O escândalo CIA-Crypto – a empresa suíça de fachada que vendia criptografia e permitiu espionar 120 países – desmoralizou de vez as acusações de Washington contra a Huawei, de que qualquer país que adotasse seus equipamentos de redes de alta velocidade 5G automaticamente ficaria sujeito à “espionagem chinesa”.
A “Operação Thesaurus” teve início em 1951 e foi rebatizada nos anos 1980 de “Rubicon”. Desde a criação até os anos 1990, o serviço secreto alemão ocidental (BND) foi sócio menor da CIA no esquema, só desativado em 2017.
Conforme investigação levada a cabo pelo Washington Post e as redes de tevê ZDF (Alemanha) e SRF (Suíça), por mais de cinco décadas a CIA e o serviço secreto da então Alemanha Ocidental controlavam secretamente uma empresa suíça, a Crypto AG, que fabricava e vendia dispositivos de criptografia e linhas de comunicação seguras, e tinham acesso às informações. Nem a ONU ou o Vaticano escaparam.

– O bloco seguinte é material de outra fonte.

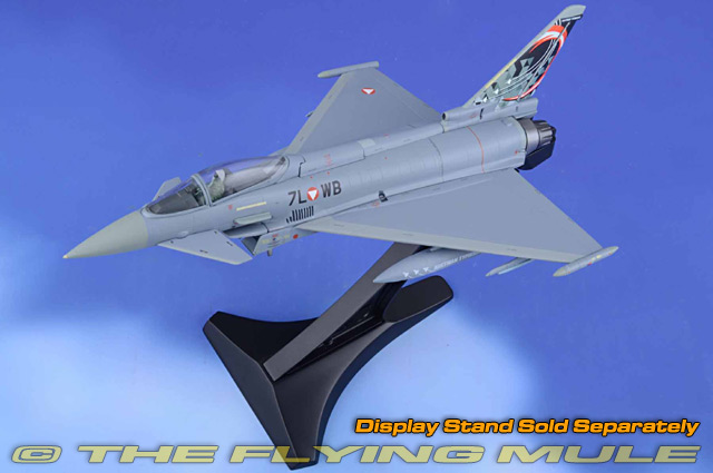 Please note: An optional display stand is available separately if you wish to display this model "in-flight". Designed as part of a co-operative effort by Germany, Italy and the UK to produce an air superiority fighter, the Eurofighter was first flown on March 27th, 1994. The Eurofighter is a single-seat, twin-engine, agile combat aircraft used in air-to-air, air-to-ground and tactical reconnaissance roles. It is intentionally aerodynamically unstable, which gives it its high levels of agility-but this means the Typhoon is controlled by a computerized "fly by wire" system instead of by its pilot. The Eurofighter's first rate performance is matched by excellent all round vision and by sophisticated attack, identification and defense systems and stealth technology. © Copyright 2003-2025 The Flying Mule, Inc. The Herpa "1:72 Wings" range presents detailed, ready-made diecast models of military aircraft in 1:72 scale. Herpa "1:72 Wings" diecast airplanes feature: - Diecast metal construction with some plastic components.
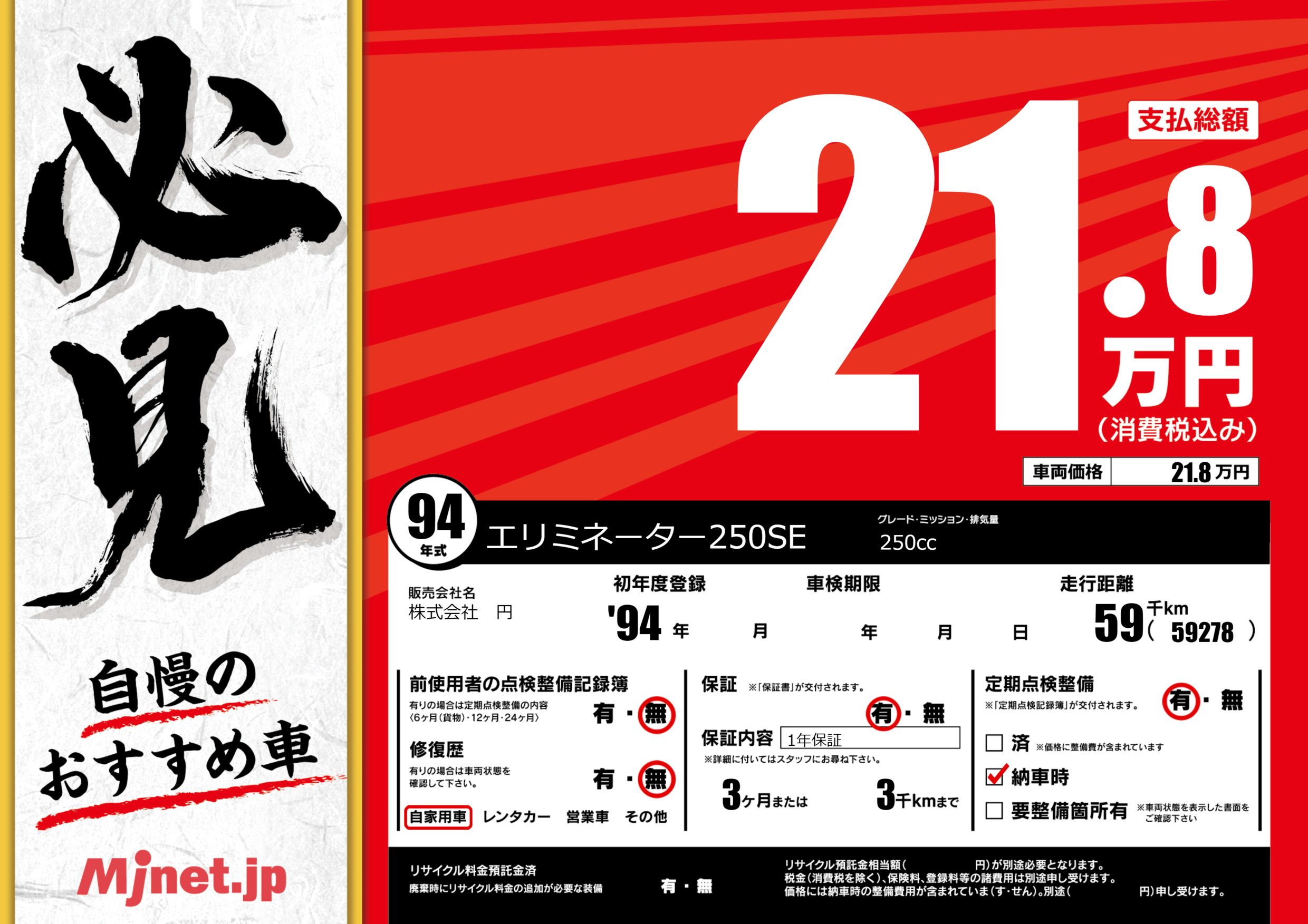 | 車名 | エリミネーター250SE | グレード ミッション 排気量 |

“Golpe de inteligência do século”, chamou pomposamente o Post, que também descreveu a tramóia como um dos “segredos mais bem guardados da Guerra Fria”. Boris Hagelin, um emigrado russo inventor de uma máquina de criptografia, que fugira da Suécia em 1940 após a invasão nazista, fechou o acerto com a CIA em um clube de elite de Washington, o Cosmos, na presença de Wiliam Friedman, o pai da criptologia norte-americana, dando origem à Crypto AG, que operava desde a Suíça.
Antes mesmo do CIA-Crypto, a acusação contra a Huawei já era insuperável em matéria de cinismo, já que, desde as revelações de Edward Snowden, o mundo inteiro sabe que quem grampeia e grava tudo, de todos, são os EUA, e seus braços da espionagem na vigilância eletrônica, o mais importante deles, a NSA – e, claro, a CIA.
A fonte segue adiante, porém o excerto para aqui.